If this scene you are describing was in Prometheus, MatchCut would have a fit.

TGM
07-17-2018, 06:44 PM
https://www.youtube.com/watch?v=LmtWHjlrvF8

Grouchy
01-14-2019, 03:13 PM
This was a fairly original thriller film and kept me entertained and at the edge of my seat through the duration. I agree it would have been considerably better without music. There's a conservative thematic thread about family running through the movie which irked me a bit because it was a bit out of place, even if I'm not usually bothered by that kind of thing. But it ended on a high note - I was afraid the script would completely crumble on the last third but I even liked the callback to Signs.

megladon8
02-06-2019, 08:22 PM
This was good. I was very surprised how much we saw the monsters - kind of had the impression we would never see them. Speaking of the monsters, someone liked Cloverfield apparently.

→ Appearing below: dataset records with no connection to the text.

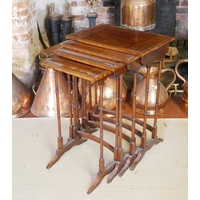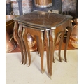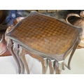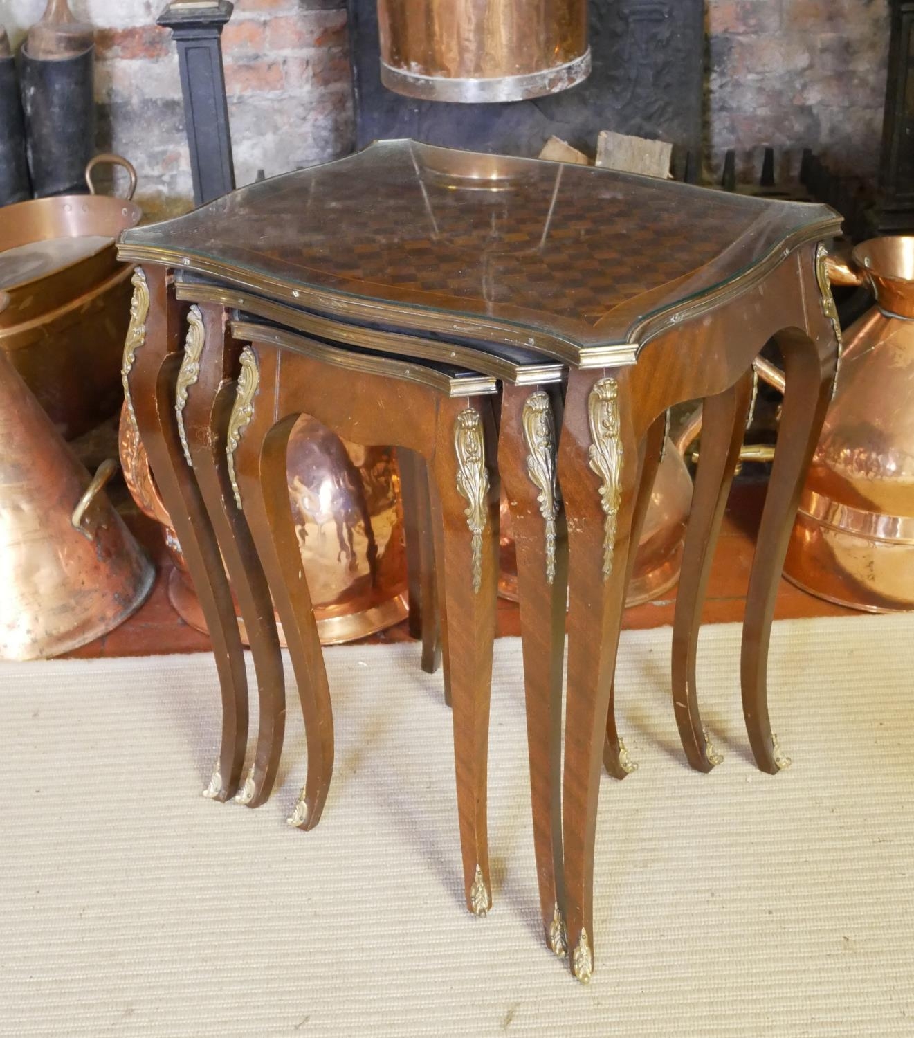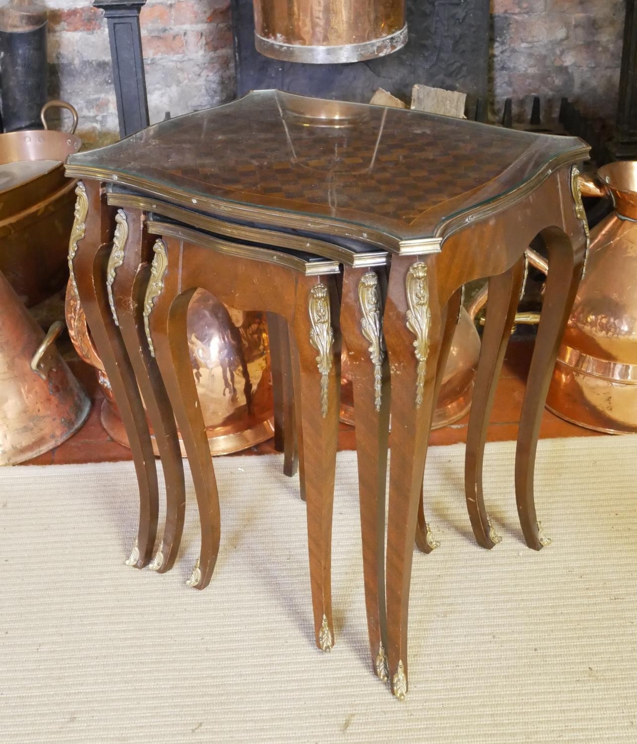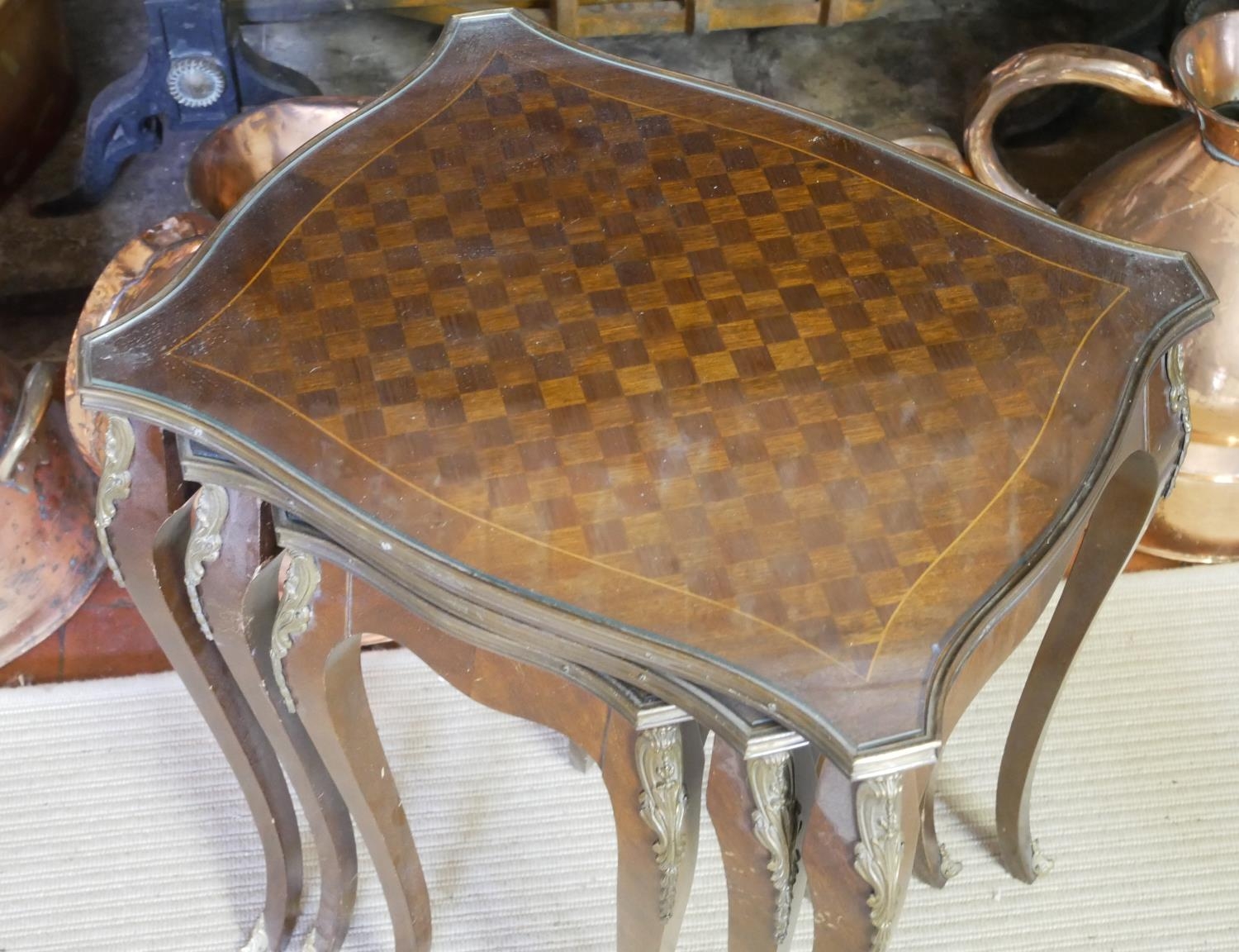 A NEST OF THREE FRENCH MAHOGANY, PARQUETRY AND GILT BRONZE MOUNTED OCCASIONAL SERPENTINE TABLES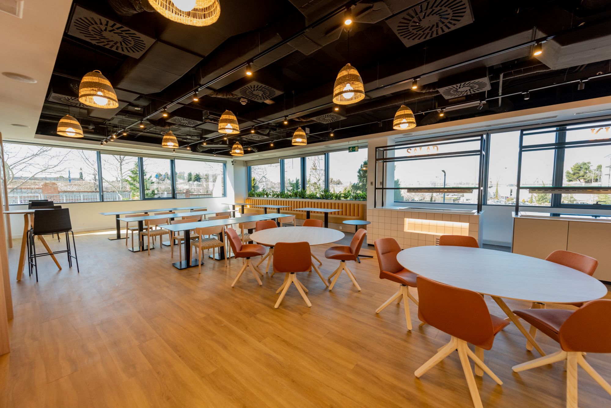 En la construcción de sus oficinas, el cliente quería conseguir un espacio de trabajo moderno y flexible, con espacios abiertos y multiuso, y la inclusión de un work-café como escaparate de los servicios de restauración y catering que ofrece la compañía.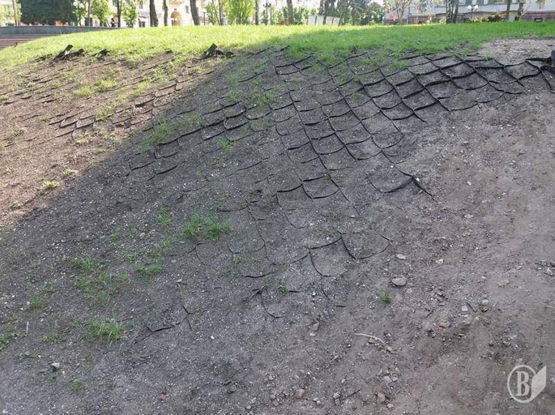 У сквері Хмельницького в Чернігові після торішньої реконструкції, яка начебто завершена, чернігівці дивуються рішенню щодо укріплення схилів такою собі «гумовою стрічкою», викладеною на ребро хрест-навхрест.

Shouldn’t have had music (or otherwise, a much MUCH more subdued score).

The ending was silly.

But yeah, tense and well crafted overall.

Skitch
02-07-2019, 05:13 AM
It's been said more humorously by people on Twitter, but if my family existed in this world, we would be dead in point 2 seconds.

Me: Corbin, you have to be quiet or monsters will kill us.
Corbin: runs screaming for no reason all dead

Dukefrukem
02-07-2019, 12:25 PM
I think this has been said before too, but there's no way you'd be able to build a little farm with all the traps and things without making a noise. Who has a completely silent hammer?

Skitch
02-07-2019, 10:31 PM
It was stupid to try to live a silent life. They shouldve been living next to the waterfall. They shouldve dug out staked pit traps with dangling boom boxes...aliens attack, fall in pit. The silence idea is good, but it was way too strong an ability.